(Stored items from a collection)
☆ ☆ ☆ ☆ ☆

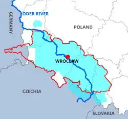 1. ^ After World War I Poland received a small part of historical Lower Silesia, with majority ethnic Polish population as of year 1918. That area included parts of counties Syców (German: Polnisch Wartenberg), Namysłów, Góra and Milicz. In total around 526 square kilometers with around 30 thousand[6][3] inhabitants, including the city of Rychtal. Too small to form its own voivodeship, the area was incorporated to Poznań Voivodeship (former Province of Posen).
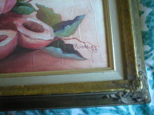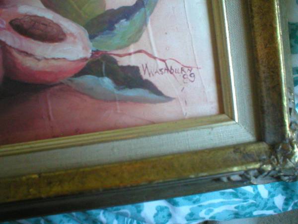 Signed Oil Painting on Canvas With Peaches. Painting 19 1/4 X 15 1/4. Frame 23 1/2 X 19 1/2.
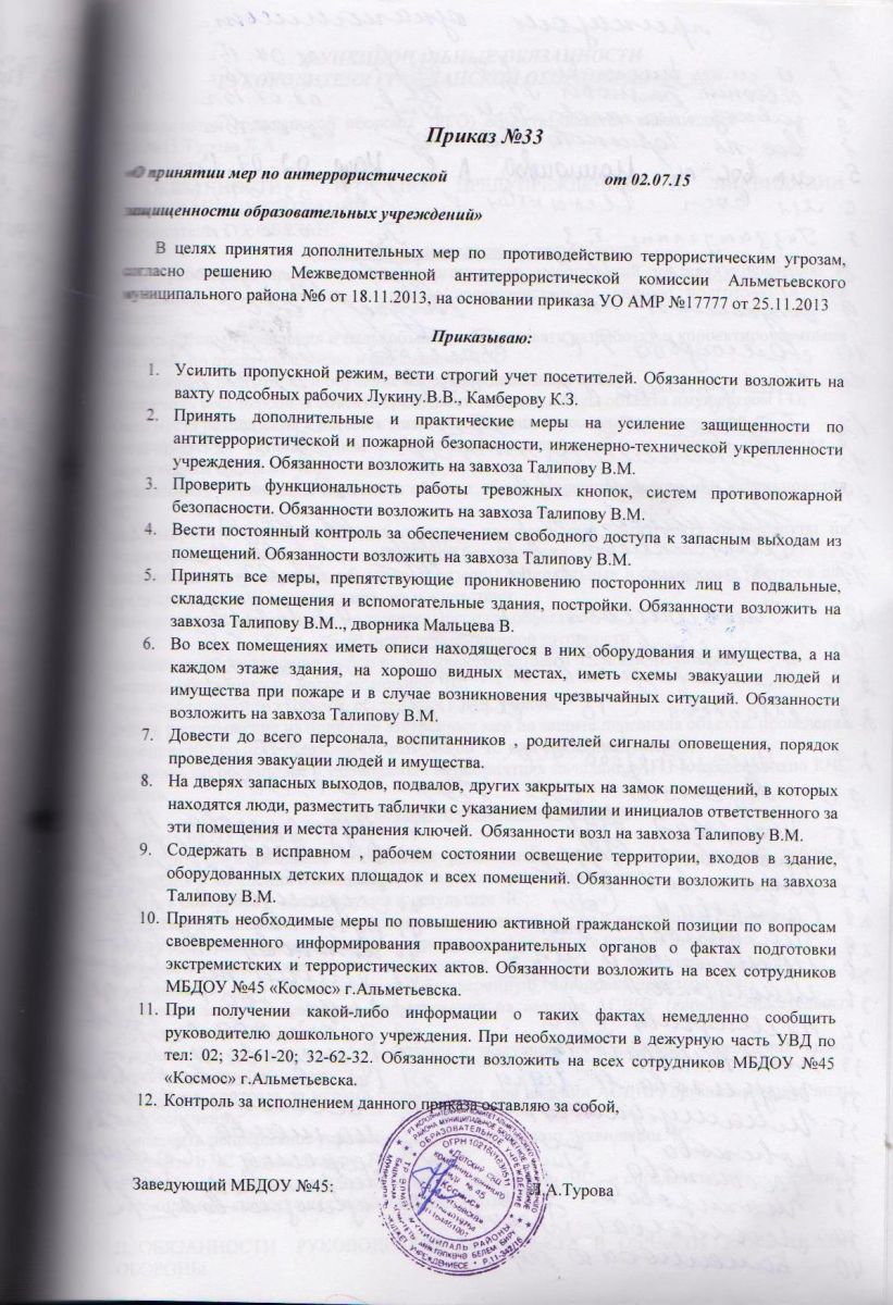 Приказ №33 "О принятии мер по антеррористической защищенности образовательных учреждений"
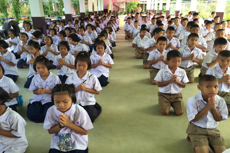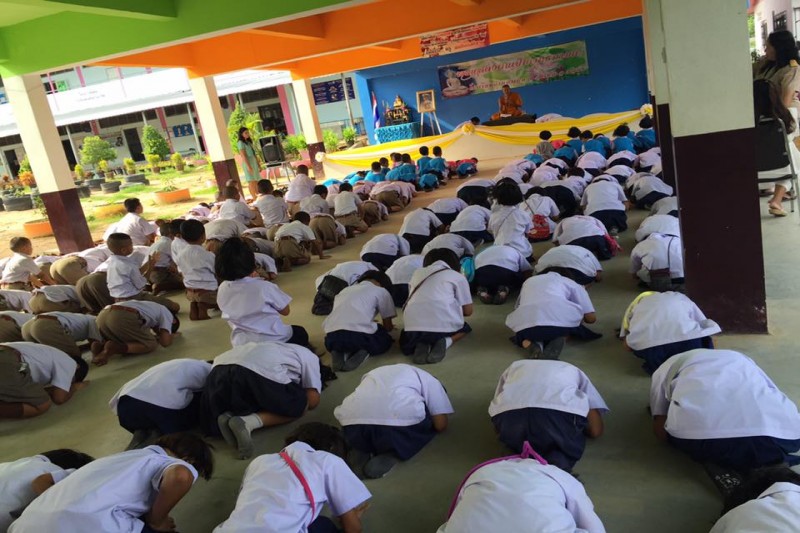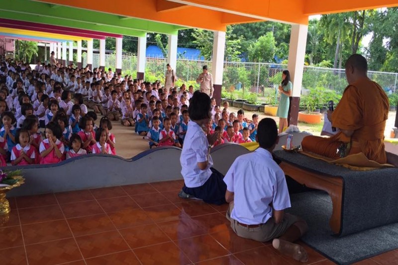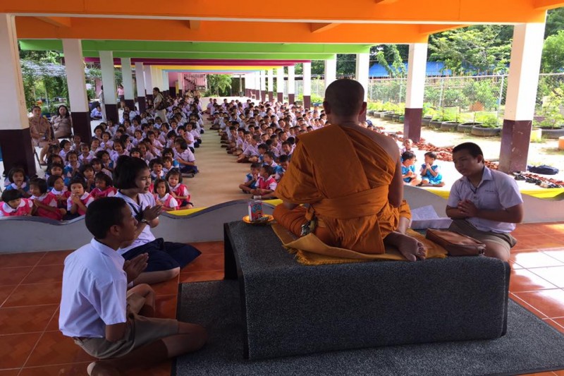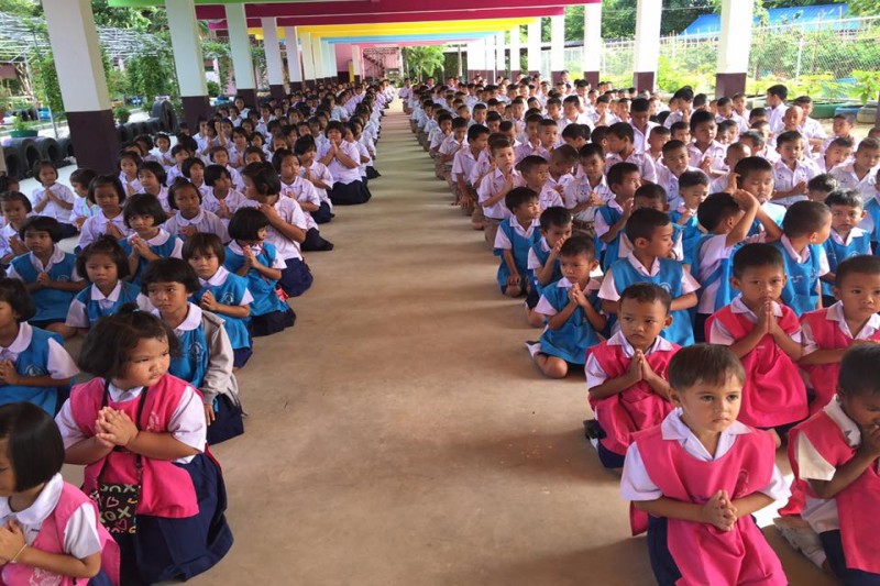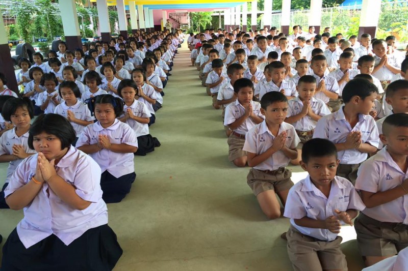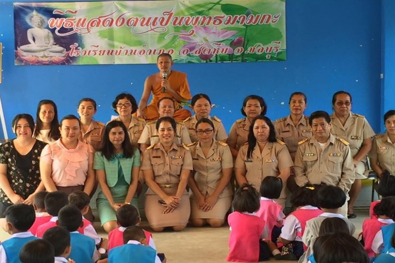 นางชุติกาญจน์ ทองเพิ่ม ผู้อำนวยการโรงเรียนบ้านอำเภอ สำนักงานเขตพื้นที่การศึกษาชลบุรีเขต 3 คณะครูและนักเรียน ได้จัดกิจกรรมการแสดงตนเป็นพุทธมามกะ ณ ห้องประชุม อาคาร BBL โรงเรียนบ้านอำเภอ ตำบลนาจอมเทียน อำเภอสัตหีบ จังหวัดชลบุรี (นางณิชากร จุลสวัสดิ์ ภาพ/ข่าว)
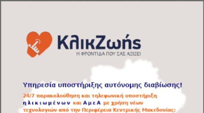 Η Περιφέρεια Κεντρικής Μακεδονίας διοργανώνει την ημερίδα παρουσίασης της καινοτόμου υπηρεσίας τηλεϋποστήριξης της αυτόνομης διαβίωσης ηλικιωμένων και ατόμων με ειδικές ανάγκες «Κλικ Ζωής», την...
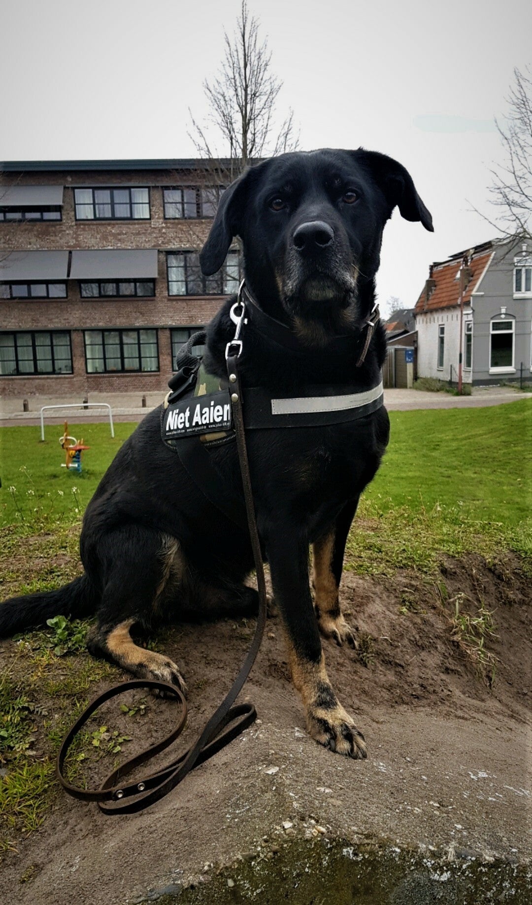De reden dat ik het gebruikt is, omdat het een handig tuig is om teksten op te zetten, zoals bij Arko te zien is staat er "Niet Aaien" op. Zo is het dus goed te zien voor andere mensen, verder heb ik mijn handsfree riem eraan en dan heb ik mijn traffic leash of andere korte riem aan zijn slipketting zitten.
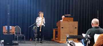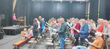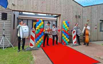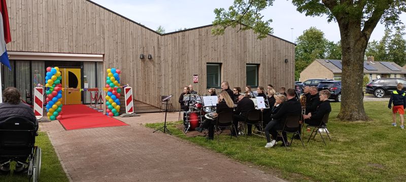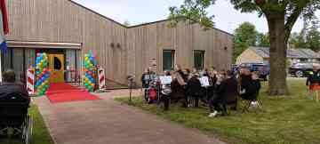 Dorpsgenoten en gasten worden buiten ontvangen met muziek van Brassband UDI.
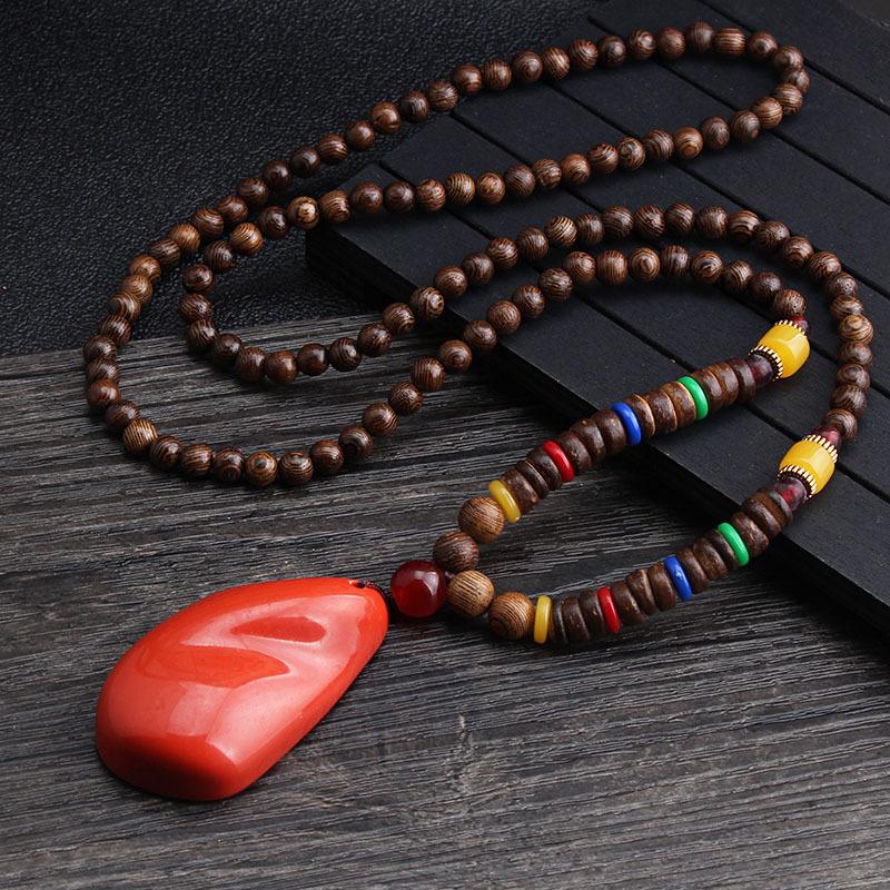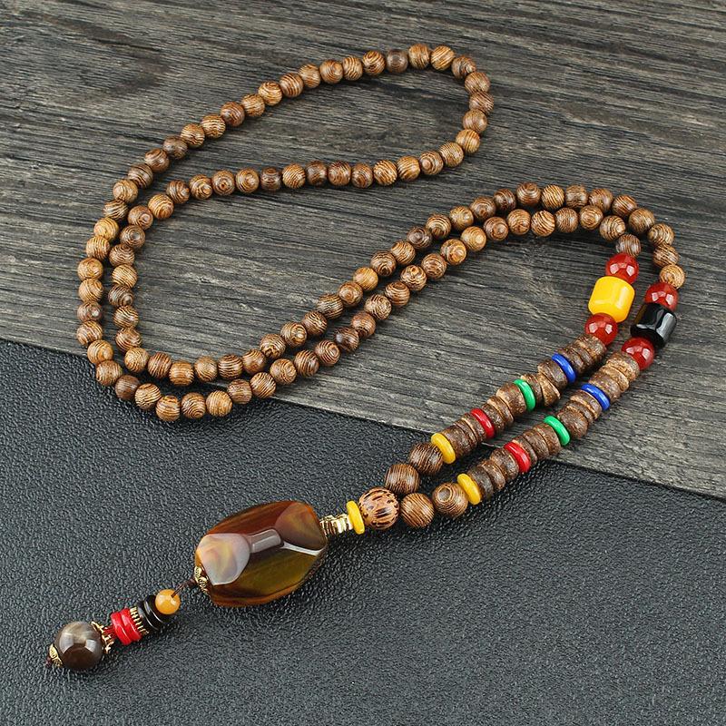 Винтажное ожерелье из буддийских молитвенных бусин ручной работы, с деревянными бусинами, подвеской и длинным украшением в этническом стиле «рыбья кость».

☆ ☆ ☆ ☆ ☆

Task item: Output exactly the lines above, from the line with "принятии мер по" to the line with "นางชุติกาญจน์ ทองเพิ่ม ผู้อำนวยการโรงเรียนบ้านอำเภอ", both included; skip the pictures.

Task answer:
 Приказ №33 "О принятии мер по антеррористической защищенности образовательных учреждений"
 นางชุติกาญจน์ ทองเพิ่ม ผู้อำนวยการโรงเรียนบ้านอำเภอ สำนักงานเขตพื้นที่การศึกษาชลบุรีเขต 3 คณะครูและนักเรียน ได้จัดกิจกรรมการแสดงตนเป็นพุทธมามกะ ณ ห้องประชุม อาคาร BBL โรงเรียนบ้านอำเภอ ตำบลนาจอมเทียน อำเภอสัตหีบ จังหวัดชลบุรี (นางณิชากร จุลสวัสดิ์ ภาพ/ข่าว)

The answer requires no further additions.